We have opinions, perceptions and beliefs that fluctuate regularly and help us to achieve certain goals. But we also have “deep beliefs”. These are perhaps moral principles, or tenets of religious faith, that provide our lives with direction and give us ballast at times of need.
What belief, if any, do you have that is non-negotiable? What “one big thing” do you know? The legal scholar Ronald Dworkin offered an answer to this question in the last book he wrote before his death, Religion Without God.
Dworkin, who also wrote a book called Justice for Hedgehogs that was inspired by Berlin’s theory of types, advocated holding firm to two core judgments: “The first holds that human life has objective meaning or importance ... The second holds that what we call ‘nature’ – the universe as a whole and in all its parts – is not just a matter of fact but is itself sublime: something of intrinsic value and wonder.”
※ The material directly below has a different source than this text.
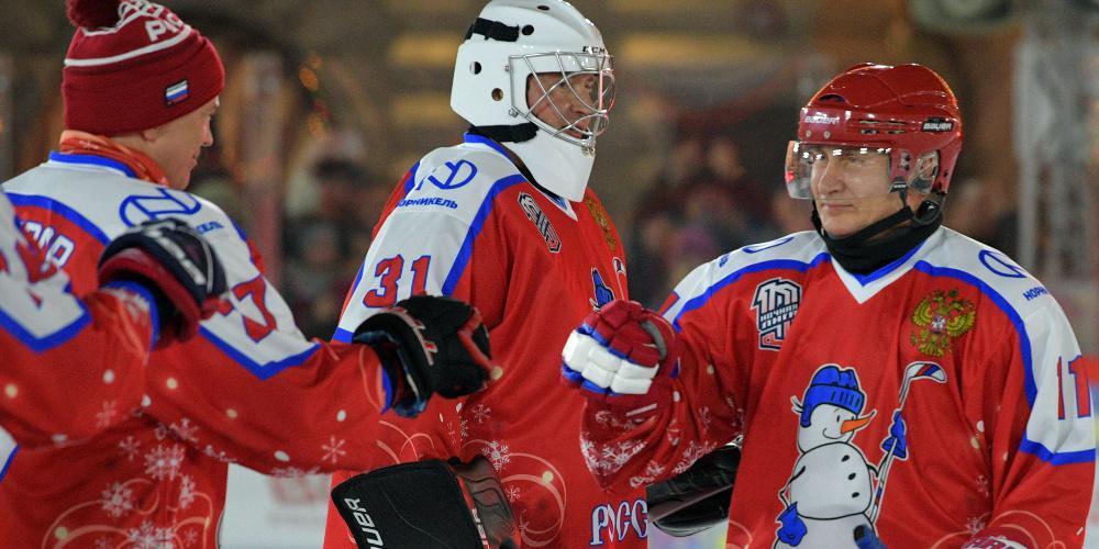 Στην ομάδα του, με την κόκκινη στολή, συμμετέχουν επίσης ο υπουργός Άμυνας Σεργκέι Σόιγκου, οι πρώην αστέρες του χόκεϊ Παβέλ Μπούρε, Βαλέρι Καμένσκι, Σεργκέι Φεντόροφ και άλλοι παίχτες.

Belief in these twin principles acted as a fallback position for Dworkin, repelling all arguments – just as the hedgehog’s spikes, when called upon, repelled all attackers. Blind faith is not to be advocated. Nor must you accept Dworkin’s specific judgments. However, in a world of rampant disinformation, and where some of the world’s richest and most powerful men are trying to shape your beliefs, it’s time to channel your inner hedgehog.
If you believe in nothing, prepare to be eaten by foxes.